November

There are sweet times in life where everything seems to be going just fine. You’re keeping up with your assignments, your room is clean, you have gas in the car, food in the fridge, money in the bank, and most importantly, your relationships are going well.

But then there comes a moment where something or someone comes along and reminds you of how fundamentally broken you are. This moment shatters you into a million jagged pieces and suddenly everything is going wrong. You have 7 papers due and 4 weeks left in the semester, you’re feeling awful because you got sick, and your head is reeling from the blow that brought you to your knees again.

This has been November. The weather is finally getting colder and the rain is comforting to me as it steadily falls outside. Yet, I sit here and write from a place of deep pain. It is the type of pain that grabs a hold of your heart and tears it to shreds while simultaneously crushing it in a vice. It is pain that makes it impossible to breathe or think or feel anything else because there is nothing else outside of this suffering. This last week has brought me to my knees and I can do nothing else but collapse on God’s altar; shattered, shivering, and done.

It is in these moments where the beauty and light of God are the most comforting. As my Father, He gathers up the broken pieces and puts them back together with gentle care. He acknowledges my brokenness and redeems it through Jesus, who came back broken but victorious. He puts His arms around me and reminds me that I am loved, worthy, and His. He doesn’t condemn me or belittle me. My Father simply holds me in His arms on the altar while He pours His love and mercy back into my darkened soul.
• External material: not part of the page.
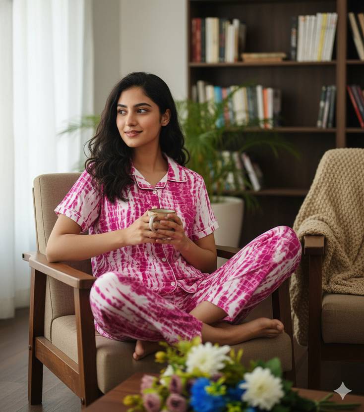 BELADIYA FASHION Women Ombre/Dyed Pink Shirt & Pyjama set

I have come to the realization that what God has gifted me with, a great capacity to care about others, is something that is fundamentally difficult, painful and lonely. And I need to take the time to lament the loss of things that will never be, to give my entire self to God again, to heal, to grow.

This is still November. God is still good. I am still His.

Matthew 11:28–30 NIV — “Come to me, all you who are weary and burdened, and I will give you rest. Take my yoke upon you and learn from me, for I am gentle and humble in heart, and you will find rest for your souls. For my yoke is easy and my burden is light.”